Chainlink and Apex Group test on-chain stablecoin compliance with Bermuda regulator



Chainlink and Apex Group said they completed a pilot project with Bermuda’s financial regulator, the Bermuda Monetary Authority, to test how blockchain infrastructure can help enforce stablecoin rules directly on-chain.

Unveiled during Chainlink’s SmartCon, the testnet pilot, conducted through the authority’s Innovation Center, brings together a group of blockchain tools designed to provide regulators with ongoing visibility into the support and circulation of a stablecoin.

The system uses Chainlink Proof of Reserve to publish reserve data on-chain and Secure Mint to restrict the issuance of tokens beyond what is backed.

Custody and reserve data was provided by Apex Group, which manages $3.5 trillion in assets, according to a press release shared with CoinDesk. Chainlink’s Automated Compliance Engine (ACE) incorporated Bermuda-specific policy requirements into the operation of the stablecoin, while its Cross-Chain Token standard supported movement across blockchains.

Hacken, a blockchain security and compliance company, added real-time monitoring of compliance risks, including flagged wallet activity or unexpected on-chain behaviors.
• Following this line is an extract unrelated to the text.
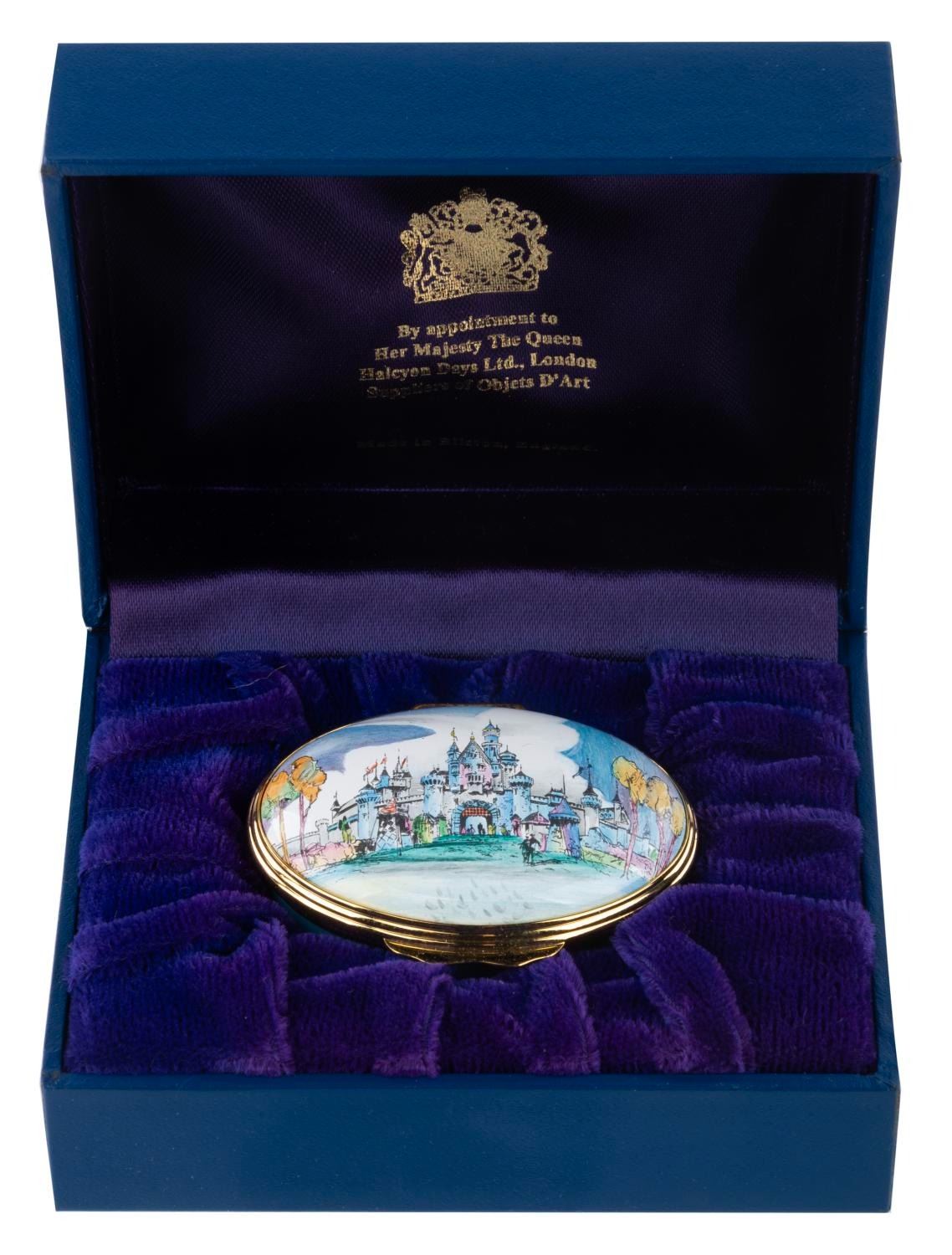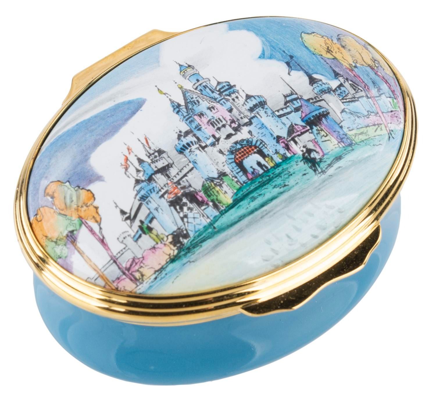 (Disneyland, 2000) A limited edition enamel trinket box created for Disneyland's 45th anniversary. Numbered 1630 out of 1955, the box features artwork of Sleeping Beauty Castle by Imagineer Herb Ryman, and the inside of the lid reads "45 Years of Magic.” Measuring 1.75" x 2.25" x 1" tall, the trinket box is in fine condition. It is presented in its original 4” x 3” x 1.75” velvet-lined box, also in fine condition.

The system also links verified issuers to minting wallets through Bluprynt’s identity layer, helping to link token issuance to real-world entities. Bluprynt is a compliance infrastructure developer.

The pilot simulated how monitoring could work if compliance checks were applied automatically up the chain rather than through post-facto reporting.

The project comes alongside Chainlink’s broader push to support institutional adoption of tokenized assets. Its Chainlink Runtime Environment (CRE), announced yesterday, is already used by banks like JPMorgan and UBS to build cross-chain applications.